Bitcoin BTC -0.99% saw a second day of decline despite major equities posting an uptick after U.S. data showed November’s inflation reading to be in line with expectations.
The world’s largest digital asset by market capitalization slumped lower, down over 1.3% to trade at $41,283 at 10:40 a.m. ET. That came in contrast to early trading on Wall Street that saw the Dow Jones Industrial Average rise 0.2%, the S&P 500 gain 0.1%, and the Nasdaq Composite increase 0.1%.
CPI rises 3.1% in November, as expected
Tuesday’s inflation reading by the U.S. Bureau of Labor Statistics showed that prices across a broad range of U.S. goods and services edged higher in November but were mostly in line with expectations.
The reading could be encouraging investor anticipation that the U.S. Federal Reserve will hold interest rates steady at its policy meeting on Wednesday.
According to the BLS, the consumer price index increased 0.1% in November and was up 3.1% from a year ago. Excluding volatile food and energy prices, the core CPI increased 0.3% on the month and 4% from a year ago. Both numbers were in line with estimates and little changed from October. However, the figures are still far above the Fed’s 2% inflation target.
Possibility of continued Fed rate pause
According to YouHodler Chief of Markets Ruslan Lienkha, the market is expecting another rate pause at tomorrow’s Federal Open Market Committee. “Such a decision will mean that everything is following Powell’s plan toward a soft landing, but at the same time, the chairman’s rhetoric may adjust market expectations, and may provoke a temporary correction,” Lienkha told The Block.
According to analysts at Bitfinex, the effect of a continued rate pause will not be limited to traditional markets but will extend to the cryptocurrency sector. “Cryptocurrencies have previously experienced positive market movements following decisions by the Fed to keep interest rates steady. This trend is attributable to the perception of lower or steady interest rates leading to increased disposable income for investments, fostering an optimistic investment environment,” Bitfinex analysts told The Block
Inflation is still ‘entrenched’
However, one analyst believes U.S. inflation is becoming “entrenched” and predicts the Federal Reserve will have a battle on its hands in 2024 and may still hike rates one more time.
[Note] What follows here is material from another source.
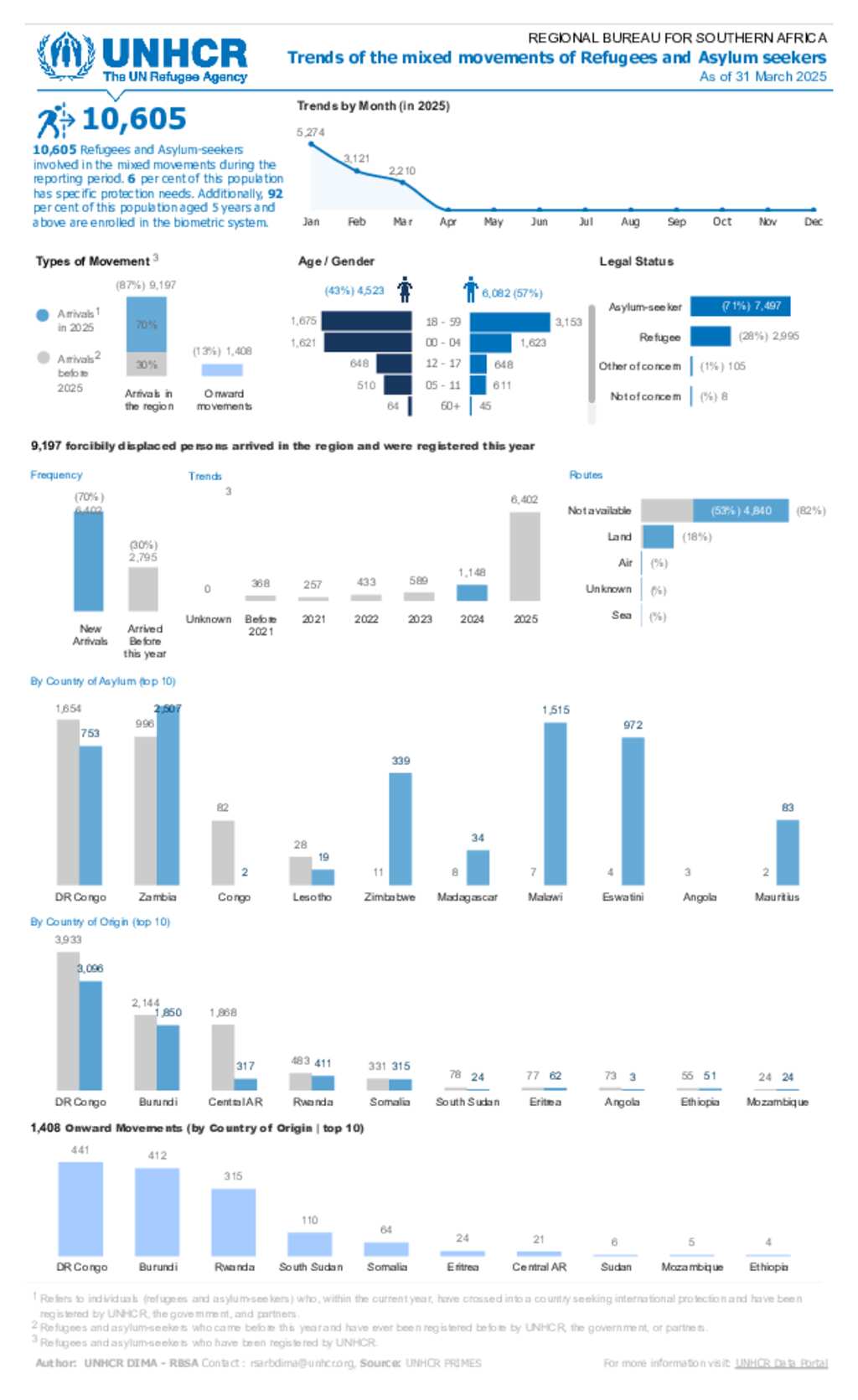 Trends of the mixed movements of Refugees and Asylum seekers in Southern African Region - March 2025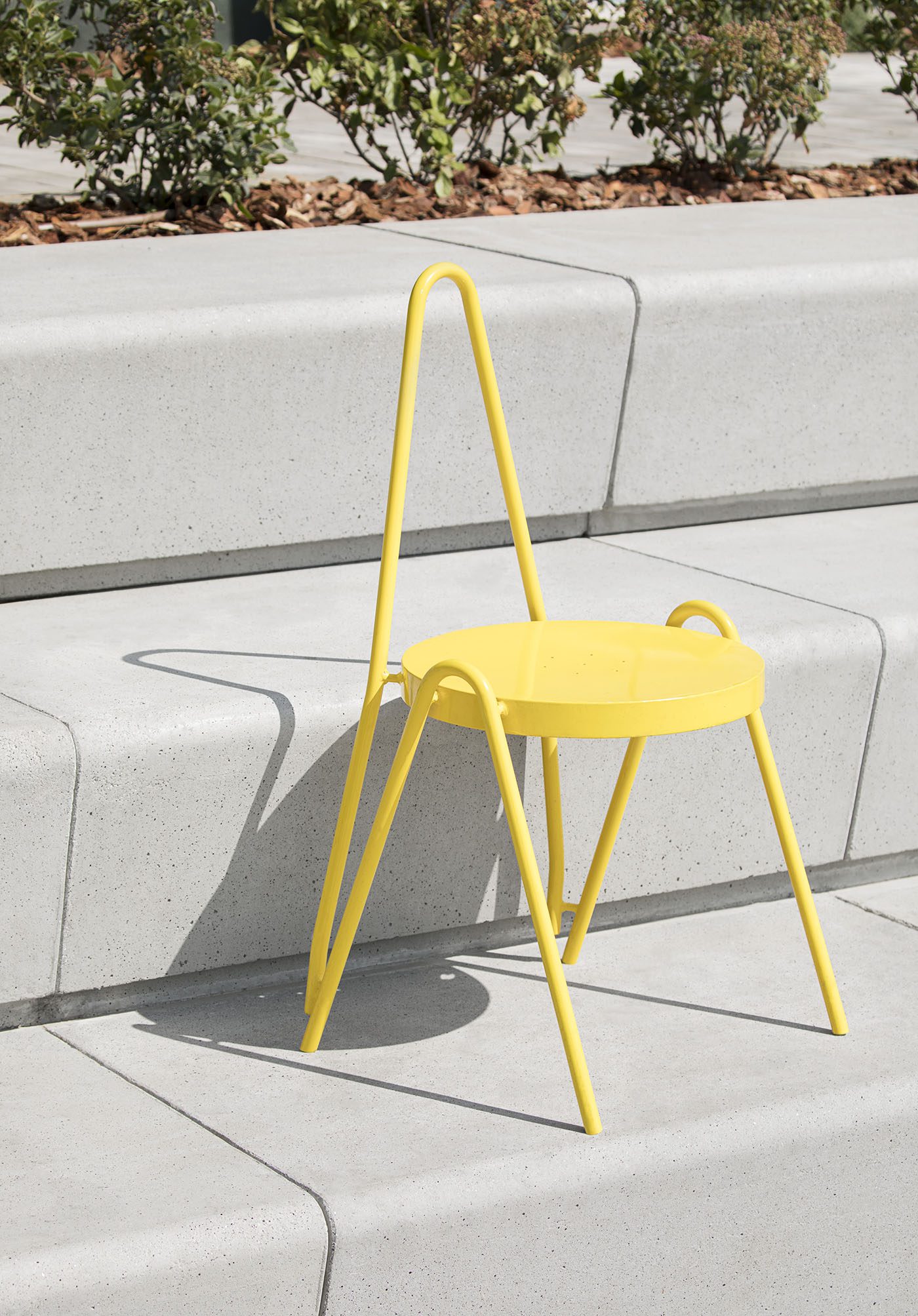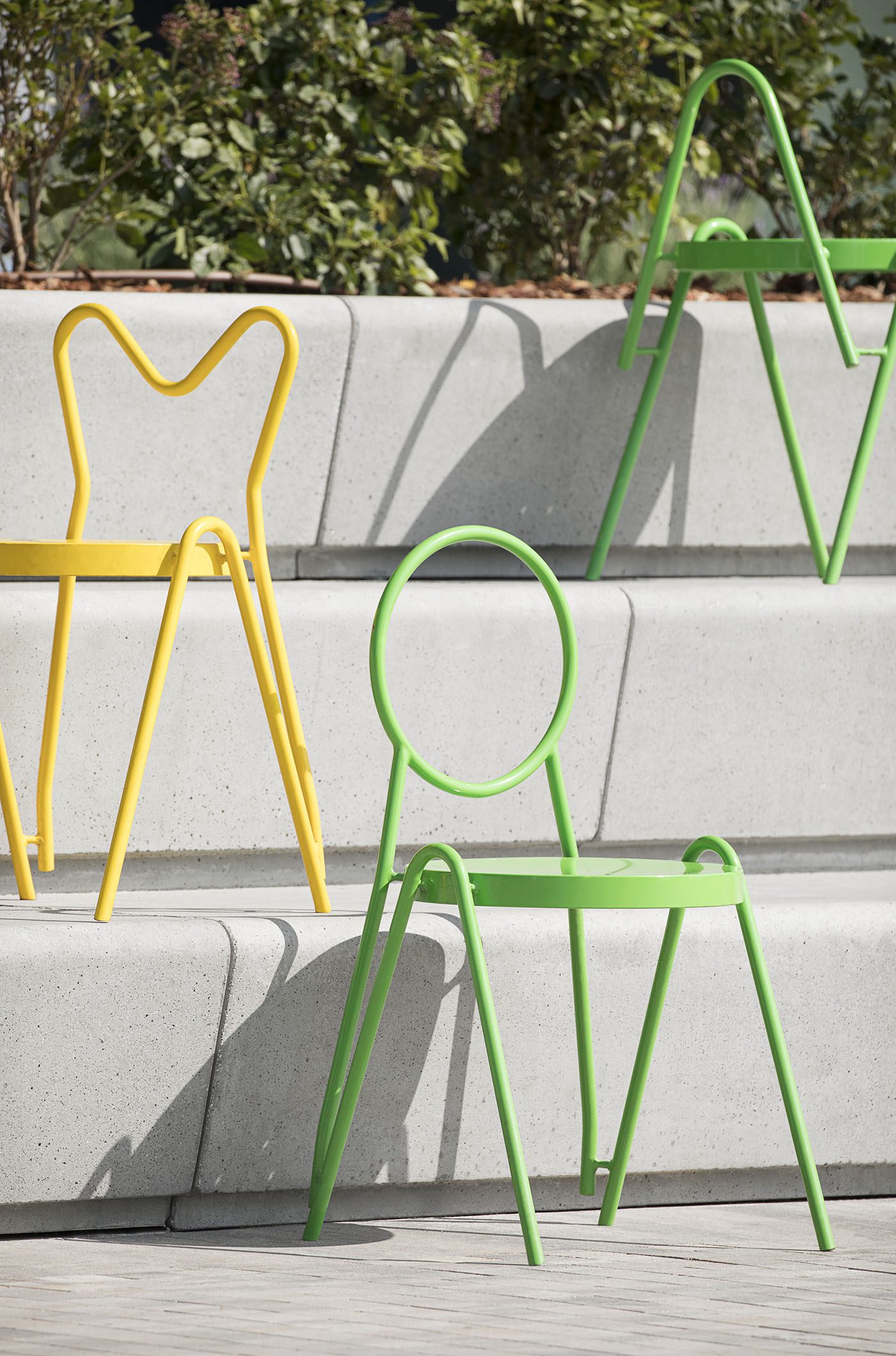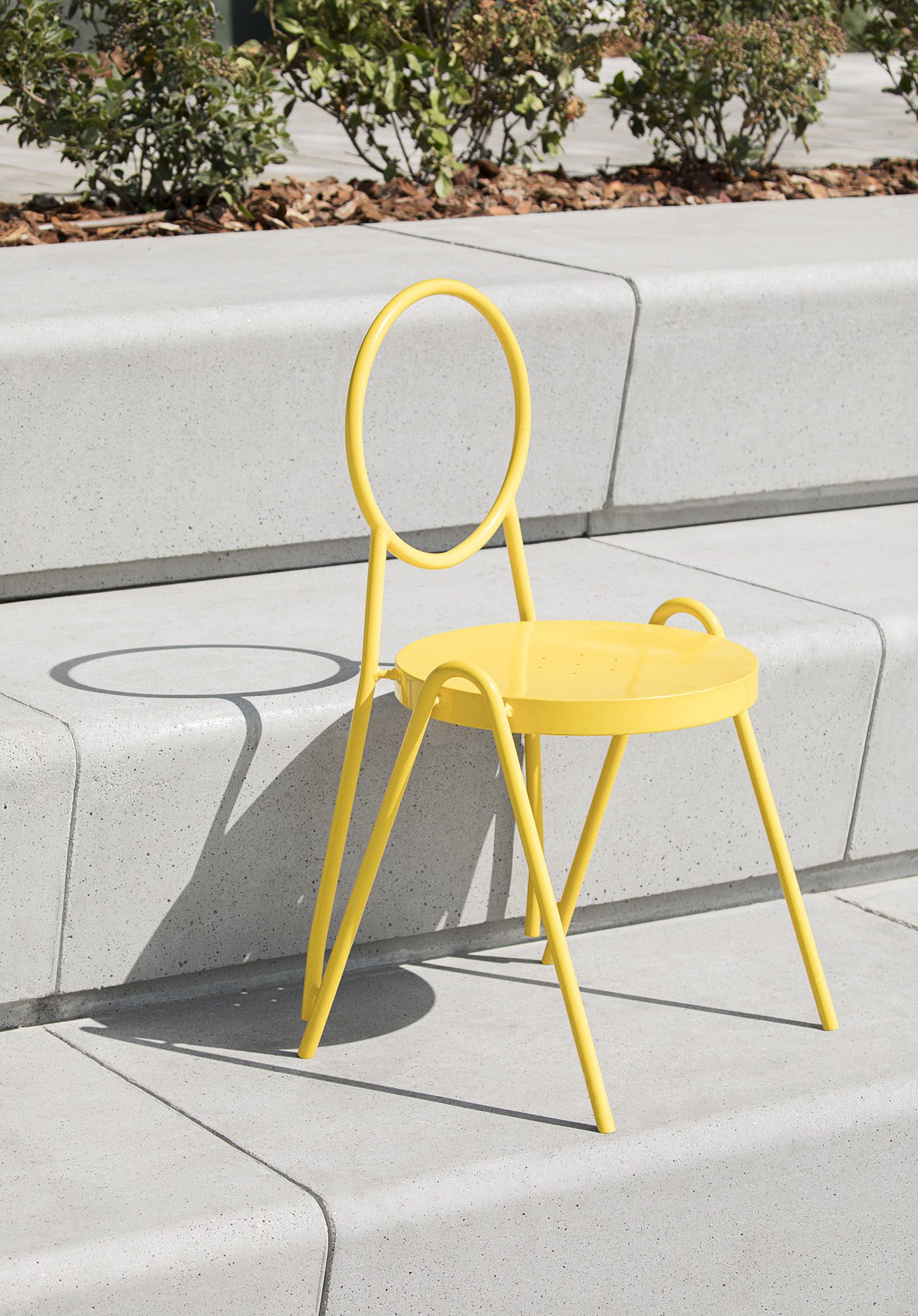 While the Daisies open their white and green petals over the visitors, below the chairs continue the playful design. These simple and round-shaped green and yellow iron stools and tables are gathered around the parasols, which are anchored to the ground by benches designed as leaves. Plain iron rods in a zigzag course hold the round seat and lead to the backrest of the chair whose geometrical shapes change between circles, triangles and inverted triangles.

“With services sector inflation now entrenched, and the labor market continuing to run incredibly hot, we expect to see inflation spike to 3.5% in December, which could lead to another rate hike from the Federal Reserve in 2024,” Truflation Head of Product Oliver Rust said in a note sent to The Block.
The CME FedWatch tool has set the probability of a rate pause at tomorrow’s FOMC meeting at 98.5%.